Esthesis – Out Of Step
Misty Tones
2025
Palabras De Oro
Esthesis – Out Of Step

Après avoir dégusté Path Of Ilya puis corrigé mon daltonisme avec un Pryzme, je vais finir par me spécialiser dans le retour aux affaires des groupes français que j’ai déjà chroniqués. Cette fois-ci, ce sont les Toulousains d’Esthesis qui sont venus récurer mes cages à miel pour me proposer leur nouvelle progéniture, à savoir Out Of Step. Ils ont pris leur temps (mais ne l’ont pas perdu) pour donner un successeur à l’excellent Watching Worlds Collide sorti il y a déjà trois ans. En fait, Esthesis en a profité pour écumer d’abord les clubs obscurs puis, en pleine lumière, les prestigieuses scènes européennes de prog comme le Poppodium Boerderij, leurs voisins du Ready For Prog, les défunts Night Of The Prog et Prog en Beauce, ainsi que le plus éclectique Motocultor Festival. Ce choix a donné à la formation une expérience, une reconnaissance et surtout une envergure qui l’ont propulsée au rang de pilier du prog tricolore. Il restait à savoir si ces acquis allaient également être favorables à cette nouvelle production en studio.
Disons-le de suite, Out Of Step ne révolutionne pas le style d’Esthesis.
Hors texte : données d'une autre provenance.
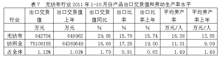從行業(yè)產(chǎn)品出口交貨值和勞動(dòng)生產(chǎn)率水平看,2011年1-10月份無(wú)紡布行業(yè)產(chǎn)品出口交貨值為84.27億元,占紡織全行業(yè)的1.12%;出口交貨值比上年同期增加29.85%;該行業(yè)產(chǎn)品出口比率(出口交貨值/工業(yè)銷售產(chǎn)值)為15.78%,而上年同期為15.74%,表明該行業(yè)產(chǎn)品出口狀況較好;從勞動(dòng)生產(chǎn)率的水平看,2011年1-10月份無(wú)紡布行業(yè)平均勞產(chǎn)率(工業(yè)增加值/從業(yè)人數(shù))為16.38萬(wàn)元/人,而上年同期為13.55萬(wàn)元/人,表明該行業(yè)勞動(dòng)生產(chǎn)率的實(shí)際水平較為理想。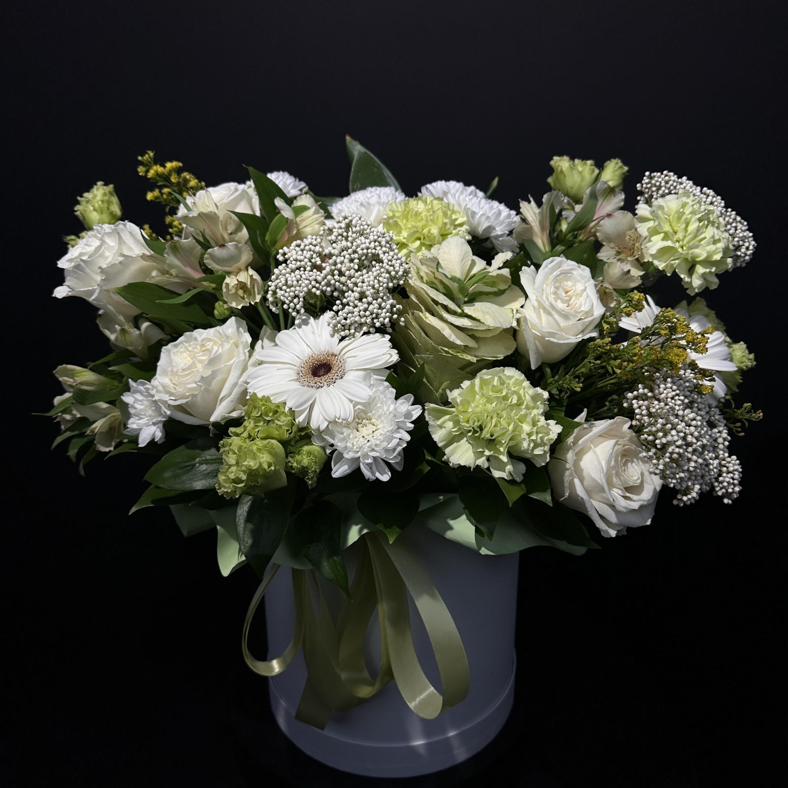 Состав: роза 5, гербера 5, солидаго 3, альстромерия 3, гвоздика 3, хризантема кустовая 2, лизиантус 1, рускус 0,5 и прочее.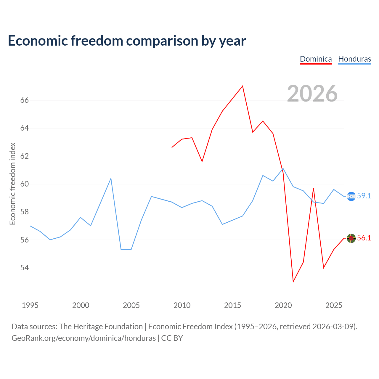 The Economic Freedom Index for Dominica is 56.1, ranking 124/197, compared to 59.1 for Honduras, ranking 105/197. The chart above displays a comparison of annual changes in economic freedom indexes.
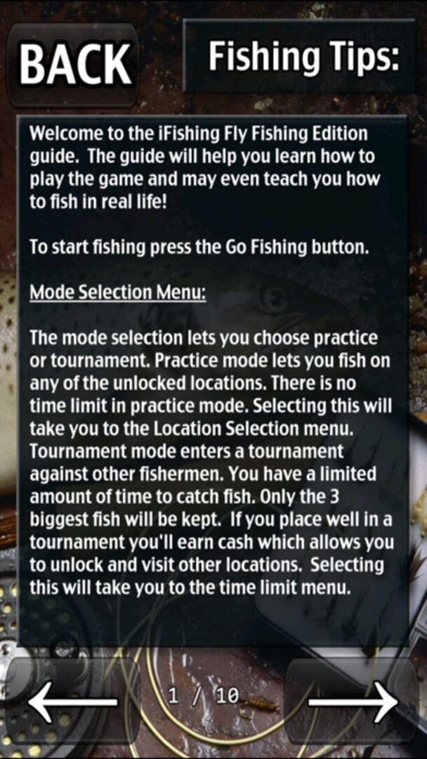Fly Fishing comes with a Practice and Tournament mode, so you can choose what's best for you, and keep a record of your achievements in the Trophy room. Let the Fishing guide keep you on track with audible advice, and the comprehensive help guide that teaches you how to fish.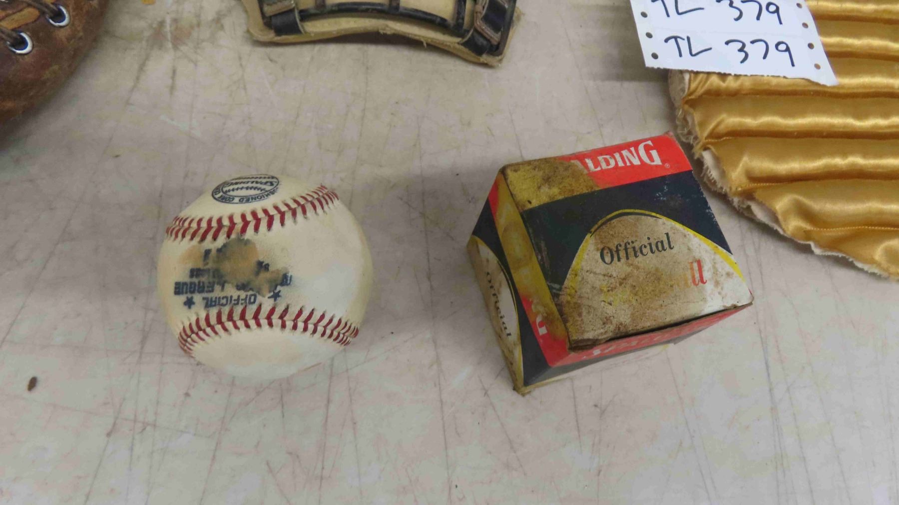 Vintage Baseball Catchers Mask, Glove, Pad and Ball
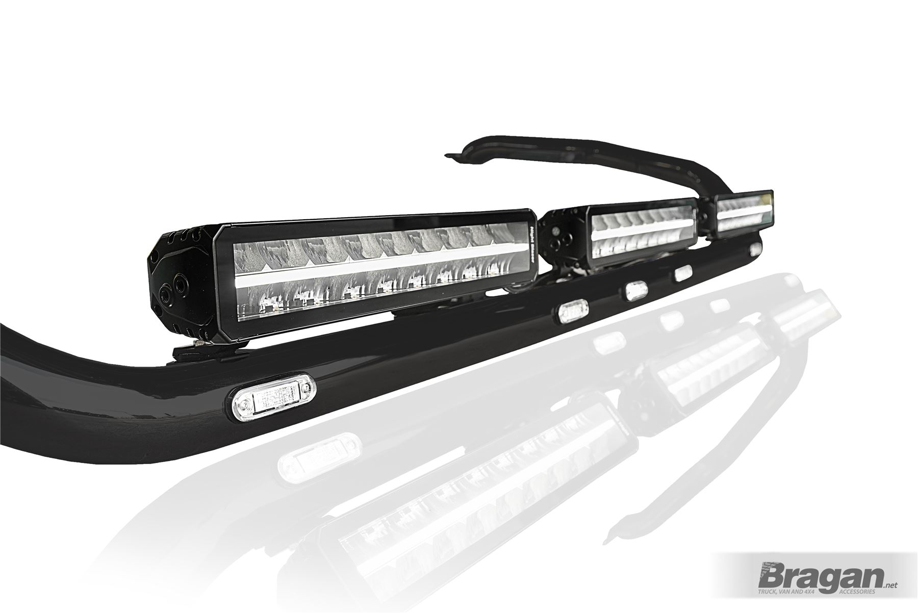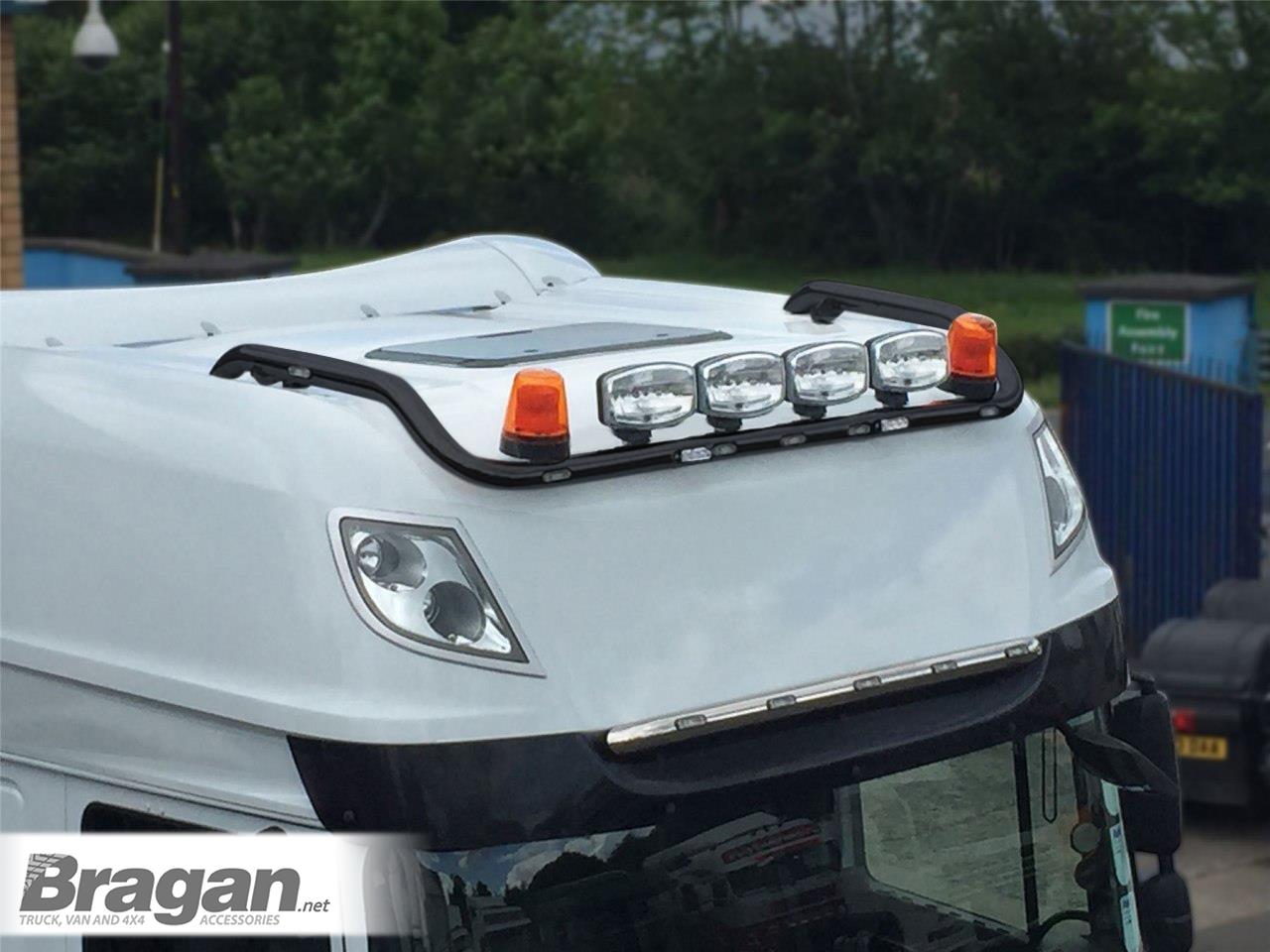 High quality Black Powder Coated Stainless Steel Spot Light Roof Bar with Flush LEDs x7 and LED Spot Light Bars x3 for DAF XF 106 2013+ Super Space Cab. These bars now have curved side ends.

On a même plutôt l’impression d’un retour aux sources affirmé avec, par exemple, la disparition des expérimentations jazzy. C’est donc à un opus totalement assumé « prog » auquel on a affaire. Il se teinte régulièrement d’ambient ainsi que de touches d’electro, voire d’indus, principalement impulsés par les claviers d’Aurélien. L’arrivée de Rémi Geyer à la six cordes a apporté un regain de puissance au son d’Esthesis fort appréciable. Les parties vocales de Mathilde Collet sont plus prégnantes que précédemment, se posant plus régulièrement en alter ego de celles d’Aurélien Goude.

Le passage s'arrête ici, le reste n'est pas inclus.